DIRECTIONS: The reply should hold every record, copied exactly, and none of the pictures.

Dataset excerpts

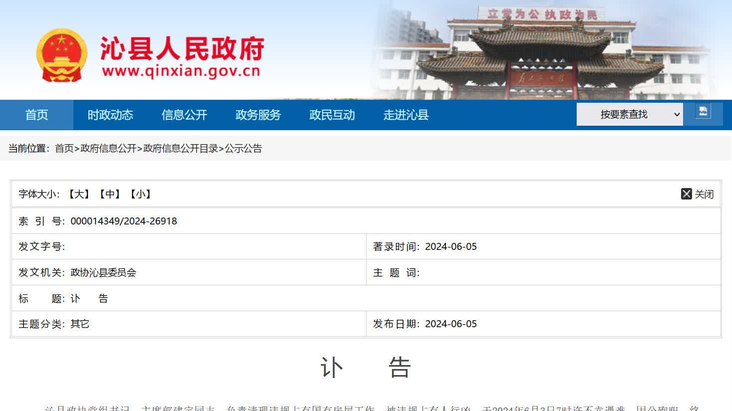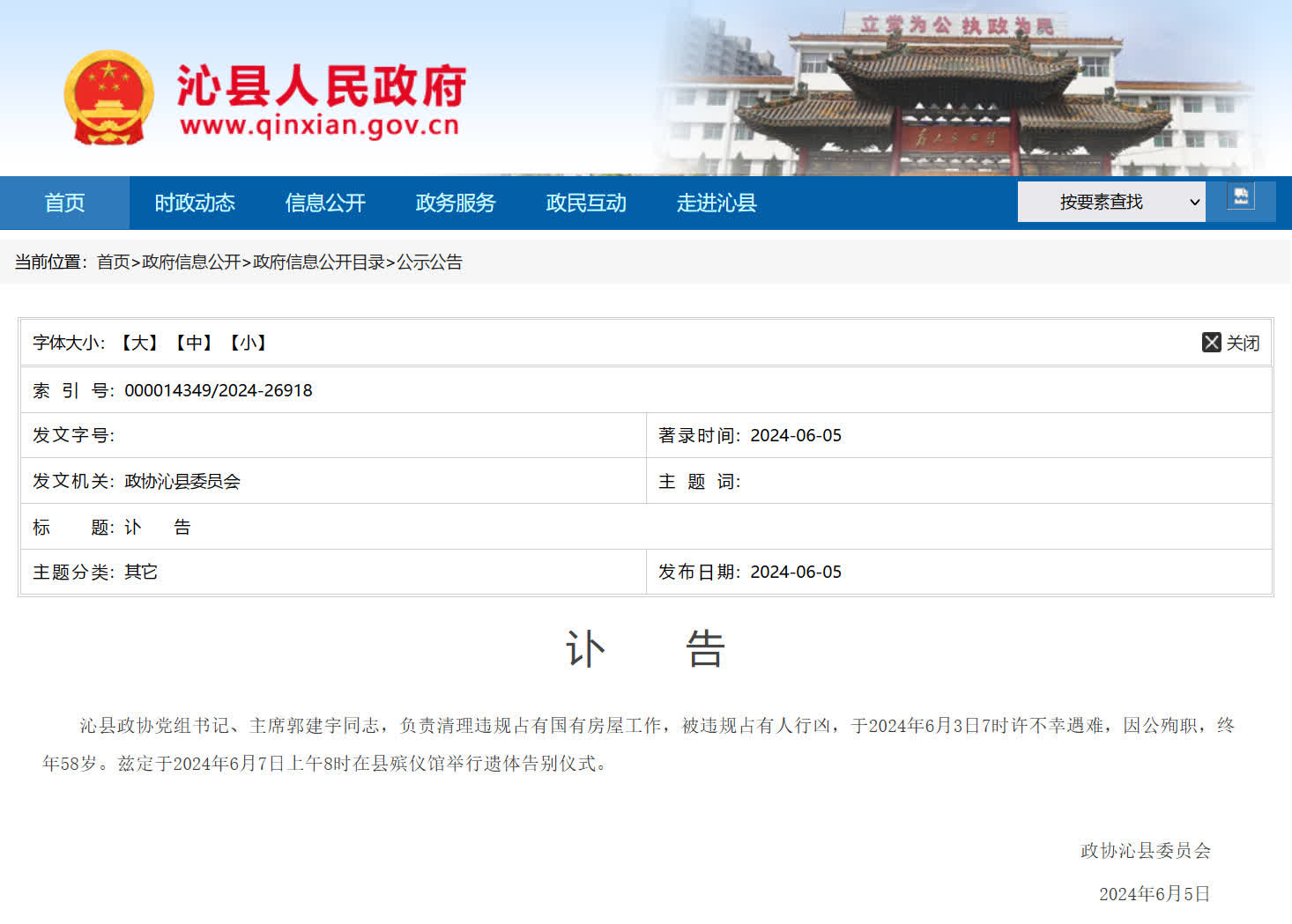 據沁縣政府網站消息,政協沁縣委員會6月5日發布訃告:沁縣政協黨組書記、主席郭建宇同志,負責清理違規佔有國有房屋工作,被違規佔有人行兇,於2024年6月3日7時許不幸遇難,因公殉職,終年58歲。茲定於2024年6月7日上午8時在縣殯儀館舉行遺體告別儀式。
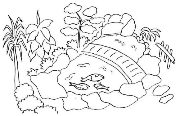 Gambar Mewarnai Taman Dengan Kolam Ikan • BELAJARMEWARNAI.info
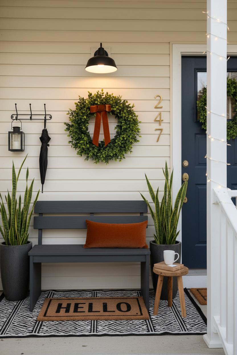 Symmetry is your shortcut to instant curb appeal, especially on tight footprints. Double up where you can: a pair of porch planters with matching greenery, twin LED wall sconces, or two lanterns staggered to one side if your door is off-center. Even a single focal wreath looks more intentional when it’s perfectly centered; try a faux boxwood wreath for year-round polish that won’t wilt between seasons. If the door swings wide, slide the outdoor bench to the hinge side to visually “anchor” the entry and keep the traffic path clear. These small front porch ideas create calm, repeatable lines that make a tiny space feel deliberate and welcoming.
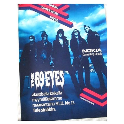 The 69 Eyes juliste. 53 cm x 84,5 cm. Hyvässä kunnossa. Hinta: 20 euroa (sis postin).
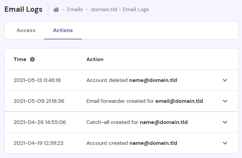 Grâce à la fonction Journaux d’action, vous pouvez facilement vérifier les actions effectuées avec vos comptes Hostinger Emails (par exemple la création de comptes de messagerie ou de redirections) et le moment exact où elles ont eu lieu.
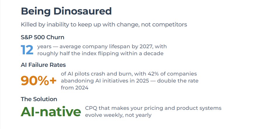 The average S&P 500 company will live just 12 years by 2027—down from 33 years in the 1960s. Half the current index will vanish within the next decade. But here’s what most boards miss: this isn’t about disruption from some scrappy startup. It’s about something far more insidious—companies becoming dinosaured. Going extinct not because competitors beat them, but because they never built organizational renewal into their DNA through AI-native CPQ and continuous adaptation systems. Those AI pilots failing across 90% of enterprises? The technology works. The organizational renewal systems designed to learn and adapt? They don’t exist.
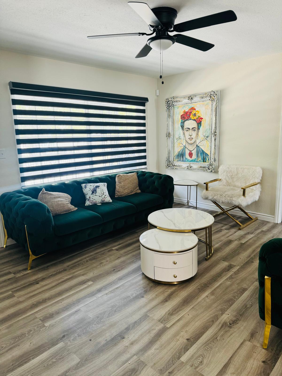 Halte es einfach, stilvoll und komfortabel! Brandneuer 55-Zoll-Bildschirm, High-Speed-Internet und zentral gelegen. Familien- und haustierfreundlich. * HALBPRIVATE Seite des Hauses, 2 Heizungen/Klimaanlagen, PRIVATES Badezimmer, Wohnzimmer und private KCHN in einem Gemeinschaftseigentum. Kostenloser Kaffee, Kochutensilien, Parkplatz mit Tor auf der Vorderseite der Terrasse. Verwöhne dich im schönen, begehbaren, Marmol-ähnlichen Badezimmer, mit modernem Duschkopf und Bluetooth. Erlebe „Das LA-Leben“ – Foodtrucks, Streetfood & Snacks auf den Straßen oder 2–5 Minuten zu Fuß

ANSWER TO THIS EXERCISE:
 據沁縣政府網站消息,政協沁縣委員會6月5日發布訃告:沁縣政協黨組書記、主席郭建宇同志,負責清理違規佔有國有房屋工作,被違規佔有人行兇,於2024年6月3日7時許不幸遇難,因公殉職,終年58歲。茲定於2024年6月7日上午8時在縣殯儀館舉行遺體告別儀式。
 Gambar Mewarnai Taman Dengan Kolam Ikan • BELAJARMEWARNAI.info
 Symmetry is your shortcut to instant curb appeal, especially on tight footprints. Double up where you can: a pair of porch planters with matching greenery, twin LED wall sconces, or two lanterns staggered to one side if your door is off-center. Even a single focal wreath looks more intentional when it’s perfectly centered; try a faux boxwood wreath for year-round polish that won’t wilt between seasons. If the door swings wide, slide the outdoor bench to the hinge side to visually “anchor” the entry and keep the traffic path clear. These small front porch ideas create calm, repeatable lines that make a tiny space feel deliberate and welcoming.
 The 69 Eyes juliste. 53 cm x 84,5 cm. Hyvässä kunnossa. Hinta: 20 euroa (sis postin).
 Grâce à la fonction Journaux d’action, vous pouvez facilement vérifier les actions effectuées avec vos comptes Hostinger Emails (par exemple la création de comptes de messagerie ou de redirections) et le moment exact où elles ont eu lieu.
 The average S&P 500 company will live just 12 years by 2027—down from 33 years in the 1960s. Half the current index will vanish within the next decade. But here’s what most boards miss: this isn’t about disruption from some scrappy startup. It’s about something far more insidious—companies becoming dinosaured. Going extinct not because competitors beat them, but because they never built organizational renewal into their DNA through AI-native CPQ and continuous adaptation systems. Those AI pilots failing across 90% of enterprises? The technology works. The organizational renewal systems designed to learn and adapt? They don’t exist.
 Halte es einfach, stilvoll und komfortabel! Brandneuer 55-Zoll-Bildschirm, High-Speed-Internet und zentral gelegen. Familien- und haustierfreundlich. * HALBPRIVATE Seite des Hauses, 2 Heizungen/Klimaanlagen, PRIVATES Badezimmer, Wohnzimmer und private KCHN in einem Gemeinschaftseigentum. Kostenloser Kaffee, Kochutensilien, Parkplatz mit Tor auf der Vorderseite der Terrasse. Verwöhne dich im schönen, begehbaren, Marmol-ähnlichen Badezimmer, mit modernem Duschkopf und Bluetooth. Erlebe „Das LA-Leben“ – Foodtrucks, Streetfood & Snacks auf den Straßen oder 2–5 Minuten zu Fuß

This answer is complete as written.